AwaRes is significant because it recasts resolution control as a learned, query-conditional tool-use problem inside the VLM itself (Shabtay et al., 14 Mar 2026). Rather than pruning tokens after expensive encoding or escalating to full resolution when uncertainty arises, it treats localized high-resolution evidence retrieval as the minimal sufficient intervention. The reported outcome is near–full-resolution accuracy at RTR 0.36 average token usage and materially lower latency than prior adaptive-resolution baselines (Shabtay et al., 14 Mar 2026).

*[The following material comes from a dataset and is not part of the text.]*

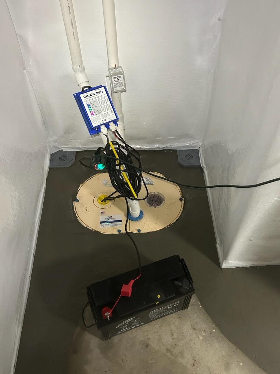 We installed the TripleSafe Complete pump system with twin liner, 1/3 HP cast-iron primary AC pump, 1/2 HP cast-iron AC back-up pump, and UltraSump battery back-up pumping system with charging/control box with alarm, and 120 amp sealed maintenance-free battery as well as CleanSpace wall liner on walls up to 8 feet high where indicated and we removed existing insulation in floor joists and hauled off for the customer.

Its methodological contribution is equally notable. The framework combines automatic LR/HR supervision, oracle-to-discrete localization, weighted multi-turn SFT, and crop-cost-aware GRPO into a single training recipe (Shabtay et al., 14 Mar 2026). This design makes “where to look” a first-class inference decision while maintaining a simple production interface based on a fixed crop library and at most two prefill passes.

In the broader literature, AwaRes exemplifies a recurring pattern across modern ML systems: selective computation conditioned on uncertainty or task structure. In VLMs this takes the form of spatial-on-demand high-resolution retrieval (Shabtay et al., 14 Mar 2026); in gravitational-wave analysis, uncertainty-aware sequence modeling appears in AWaRe (Chatterjee et al., 2024); and in speech, robust fixed-dimensional segment embeddings support efficient retrieval and discrimination in low-resource settings (Lin et al., 2023). The convergence is conceptual rather than technical, but it suggests that the AwaRes label has become associated with architectures that allocate representational or computational resources only where they matter most.